Practitioners called for major reform of the process for making an SGO including a robust system of preparation and training for prospective special guardians and developing the skills and knowledge of children’s social workers in kinship placement.
Assessments should not be concluded until sufficient preparation has been completed and the prospective carers are fully aware of what the Order means. The making of the Order should be robustly evidence-based and child-centred and not compromised by the 26-week timescale.
A solution also needs to be found to the issue raised in Re P-S about the form of an Order that would allow sufficient time for the prospective special guardian/s and child to live together before an SGO could be made.
“We conclude that special guardianship continues to be an important permanence option ‘for the right child and the right family’. But for this to be so, the system as a whole must operate in a coherent, timely, evidence-informed way and this requires changes in mindset, regulations and protocols,” said the report.
There has been a major shift in focus from the original policy framework for SGOs being made as a result of a private law application by the child’s current and established carers, to the extensive use of the court’s power to make the order under ‘its own motion’ during care proceedings.

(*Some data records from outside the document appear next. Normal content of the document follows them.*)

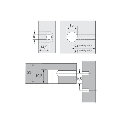 Mimośrodowe okucie łączące Rastex 15. Do grubości 29 mm. Bez kołnierza. Odlew cynkowy.
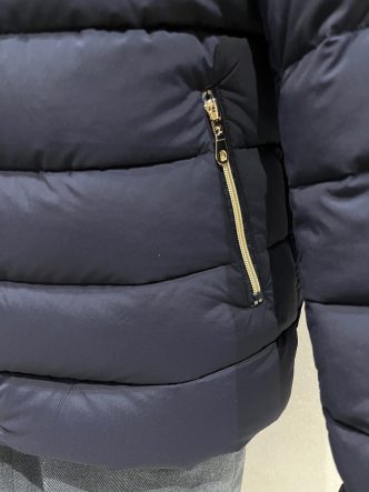 表面はマットなタフタ素材、伸縮性があり、とても着心地のいいダウンです。
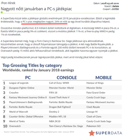 Nekem úgy tűnik, hogy a játékgyártók és a hardvergyártók kartele meg fogja ölni ezt a pc-s piacot. Ma már egy modern játékhoz közel félmilliós periféria szükséges. A mai Magyarországon ezt igen kevés háztartás engedheti meg magának, ezért a konzol piac erősödik. A játékok pc-re túlárazottak és indokolatlanul magas hardverigényűek. Ha összehasonlítjuk egy Black Ops II grafikáját a WWII-vel semmi nem indokolja ezt a túlzást.
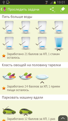 «Мой тренер» будет вас действительно тренировать, подкидывая задачи вроде «пройти 5000 метров», «не есть перед телевизором», «выпить 6 стаканов воды за день». И все это будет разбавляться мотивирующими цитатами и шутками. За каждое выполненное задание вы получаете баллы, которые можно потратить на обновки для своего аватара.
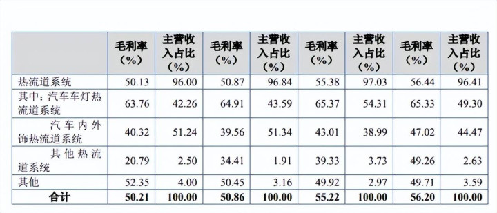 需要指出的是,主营业务毛利率呈现连续下滑态势,分别为56.2%、55.22%、50.86%、50.2%,热流道系统从56.44%下滑至50.13%,累计下滑6.31个百分点,其中汽车内外饰热流道系统从47.02%下滑至40.32%,累计下滑6.7个百分点;汽车车灯热流道系统从65.33%下滑至63.76%,累计下滑1.57个百分点。

It warns that SGOs were not primarily designed to be used in this way, and this presents challenges for local authorities and the courts in providing special guardians with adequate preparation and support for the long-term consequences of this life-changing responsibility.
“As it currently operates, special guardianship is also not appropriately aligned with best practice in other forms of child placement such as adoption and foster care – a serious issue when children share similar issues such as abuse and neglect and the birth parents’ lack of capacity to safely and responsibly care for their child,” the report concludes.